Machine Learning-Driven Dynamic Four-Dimensional X-Ray Computed Tomography Reconstruction
Hyojin Kim | 20-FS-010
Project Overview
Dynamic computed tomography (DCT) refers to image reconstruction of moving or non-rigid objects over time while x-ray projections are acquired over a range of angles. We present two novel reconstruction approaches to reconstruct dynamic scenes as time-varying sequence of 3D volumes (D4DCT). The supervised method leverages convolutional neural networks by training input sinogram data and its ground truth image sequence, to reconstruct an initial scene with sequence of motion warping fields. The second reconstruction method leverages implicit neural representations with a parametric motion fields to reconstruct dynamic scenes as time-varying sequence of 3D volumes without any need of training data. The proposed method is an end-to-end, coarse-to-fine, optimization approach without the need for any training data by minimizing the measured x-ray sinogram and the forward projected sinogram of the estimated scene. Furthermore, we provide challenging D4DCT datasets where the sinogram data represent a time-varying object deformation to demonstrate damage evolution under mechanical stresses. The provided datasets enable training and quantitative evaluation of the data driven machine learning approaches for the D4DCT reconstruction.
Mission Impact
The outcome of this project will have a significant impact on multiple missions and areas of programmatic interest in geoscience, additive manufacturing (AM) in materials science, and other non-destructive evaluation CT applications.
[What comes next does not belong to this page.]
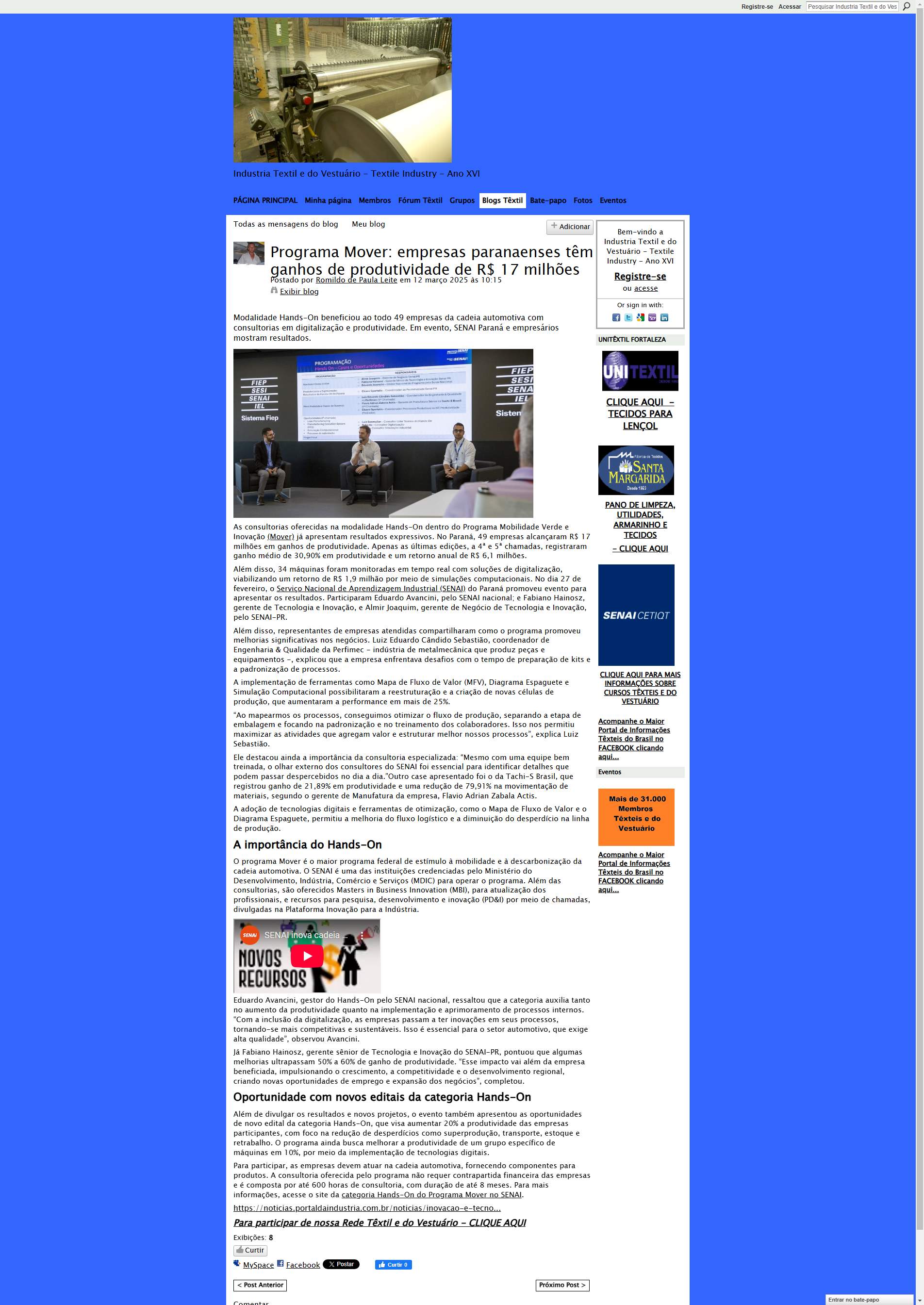 Programa Mover: empresas paranaenses têm ganhos de produtividade de R$ 17 milhões - Industria Textil e do Vestuário - Textile Industry - Ano XVI Procurar Registre-se Acessar Industria Textil e do Vestuário - Textile Industry - Ano XVI PÁGINA PRINCIPAL Minha página Membros Fórum Têxtil Grupos Blogs Têxtil Bate-papo Fotos Eventos Todas as mensagens do blog Meu blog Adicionar Programa Mover: empresas paranaenses têm ganhos de produtividade de R$ 17 milhões Postado por Romildo de Paula Leite em 12 março 2025 às 10:15 Exibir blog Modalidade Hands-On beneficiou ao todo 49 empresas da cadeia automotiva com consultorias em digitalização e produtividade. Em evento, SENAI

One application area is in-situ CT imaging to study material deformation and other characterization of geometrically complex AM parts under mechanical loading, and compaction of confined granular materials. In that study, the material scientists need to capture in-situ porosity and microstructural damage evolution of materials (e.g., crack and fatigue analysis, failure and void region detection) subjected to continuous mechanical and thermal loads using non-interrupted CT. The proposed dynamic 4D CT capabilities are crucial to enable such non-interrupted CT imaging setups as well as to advance AM parts. The proposed approach will be beneficial to a number of data science applications regarding temporal data analysis and highly ill-posed inverse problems.
Publications, Presentations, and Patents
Dynamic 4DCT Reconstruction using Neural Representation-based Optimization, ROI submitted, IL Number: IL-13625.
LLNL D4DCT Datasets: Dynamic 4DCT Datasets using MPM-based Deformation, to appear at DSI's Open Data Initiative, LLNL-MI-81669.